Rice and agave activases form hetero-oligomers displaying intermediate functionality but subunit-specific thermostability. A and B, Rubisco activation assay (A) and ATPase assay (B) performed using 5 µm activase protomer (2.5 µm + 2.5 µm for AtRcaβ + OsRcaβ). ATPase is given per active site. C, Evidence for hetero-oligomerization. AtRcaβ was mixed with increasing amounts of ATPase inactive OsRcaβD173A, incubated for 10 min, and assayed for ATPase activity. D, Incubation at 45°C restores ATPase activity of impaired hetero-oligomers to levels of AtRcaβ wild type. C and D, ATPase activity was calculated as turnovers per wild-type active site. Error bars indicate mean and sd of independent experiments (A, n = 5–42; B and D, n = 4–7).

Figure 4.

Thermostability and high activase activity maps to residues 1 to 244 of AtRcaβ. A, Schematic representation of the chimeric activases. The crossover point corresponds approximately to the domain boundary of the nucleotide binding domain and the α-helical subdomain (residue 253 in OsRcaβ). Green, rice sequence; cyan, agave sequence. Numbering on top and bottom refers to residue numbers of the source sequence. B, The chimera containing the agave N-terminal portion (AtOsRcaβ) is thermostable. Thermostability assay performed as described in the legend to Figure 2A. Error bars indicate mean and sd of at least three independent experiments. C, The high activase activity of AtRcaβ maps to the N-terminal portion. Experimental conditions as in Figure 1C. Error bars show mean and sd of independent experiments with n = 3 to 4 (B) and as indicated on top of the bars (C). Significant differences (P < 0.05) are denoted by different letters at the base of each bar.

Figure 5.

The Glu-217-Gln substitution confers high in vitro activase activity to OsRcaβ. A, Sequence alignment of the thermostability-conferring region of rice and agave activases. Residues indicated by stars were selected for mutagenesis. B, Thermostability assay of the Rca variants. ATPase assays were performed at 25°C and after a 10-min preincubation at 45°C. C and D, OsRcaβE217Q phenocopies the high in vitro activase activity of AtRcaβ. Error bars indicate mean and sd of independent experiments (B, n = 3–7 at 25°C, n = 1 at 45°C; C as shown; D, n = 3–5).

Figure 6.

Characterization of a new Rubisco interacting loop. A, Relative position of the Q217-containing loop in context of the Rca hexamer.

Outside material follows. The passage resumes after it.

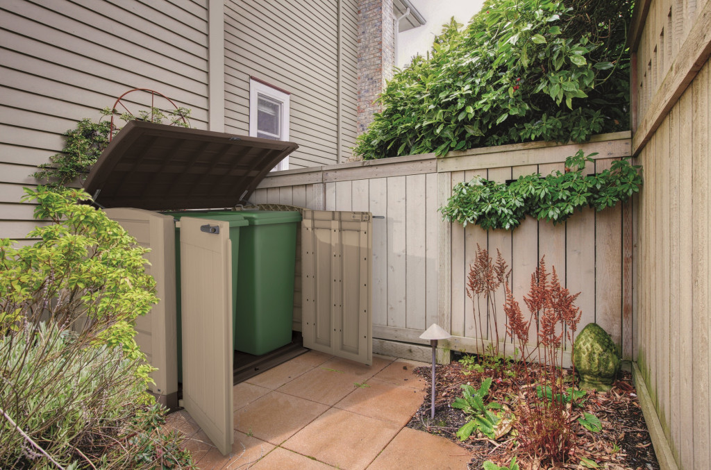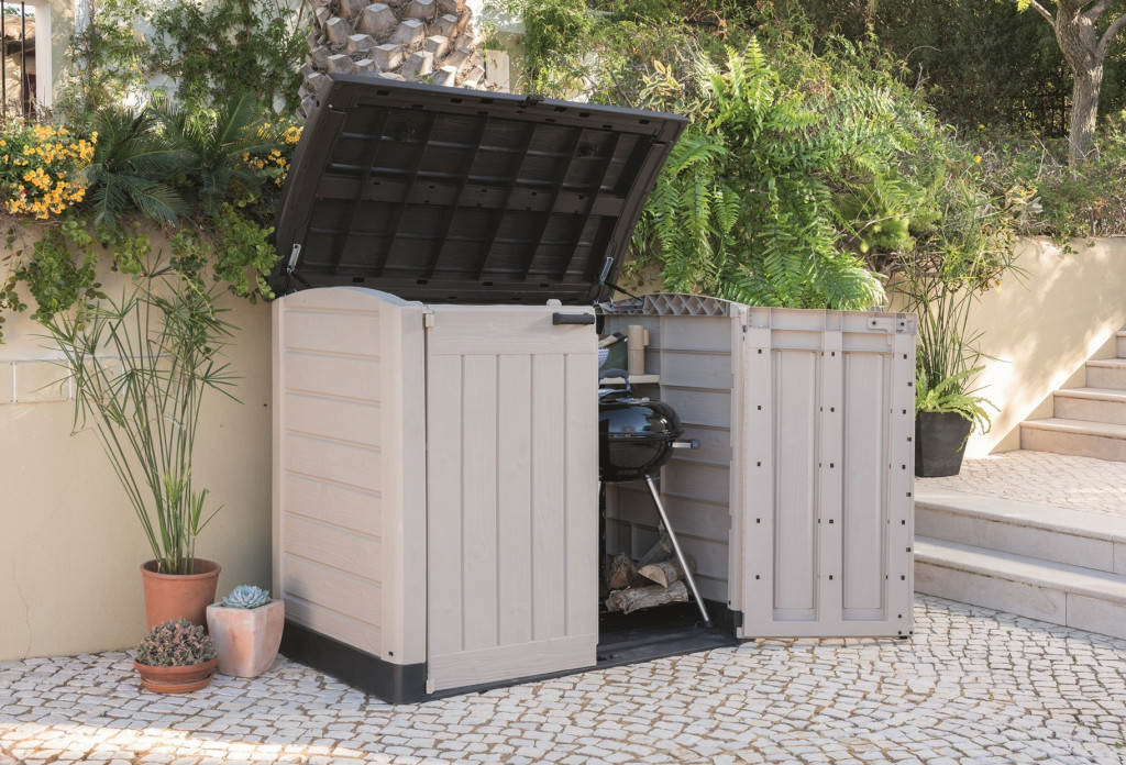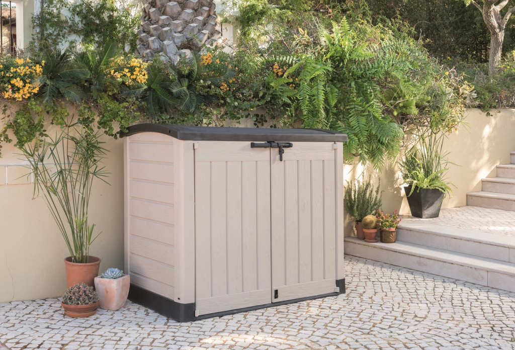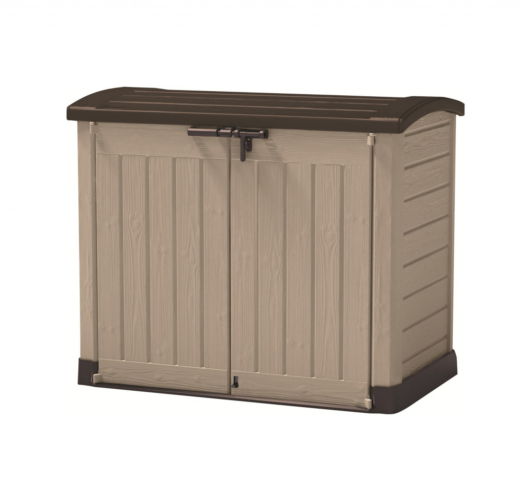 Možnost instalace vnitřní police zvyšuje funkčnost výrobku. Úložná skříň se hodí všude, kde je nutné uschovat zahradní doplňky, nářadí nebo třeba popelnice (dvě velké popelnice o objemu 240l).

A surface representation of the hexameric tobacco Rca model (PDB:3ZW6) is shown with alternate subunits colored in blue and light blue. The specificity helix H9 is colored red, and the last resolved residues flanking the flexible loop are shown in orange (T206) and yellow (E218). The close-up view shows the local secondary structure with helices represented by cylinders. The loop is indicated by a dotted line. B, Logo motif of the loop from an alignment of 220 plant Rca sequences generated using WebLogo (Crooks et al., 2004). C, Biochemical characterization of loop mutants was performed as in Figure 1C. Error bars indicate mean and sd of independent experiments with n = 4 to 9. D, The loop region in the Arabidopsis Rca structure (PDB:4W5W) suggests that the carboxyl group of E217 forms a salt-bridge with the amino group of K162. For simplicity, residue numbering in all panels of this figure corresponds to the OsRcaβ sequence. Structures were drawn using Pymol (www.pymol.org).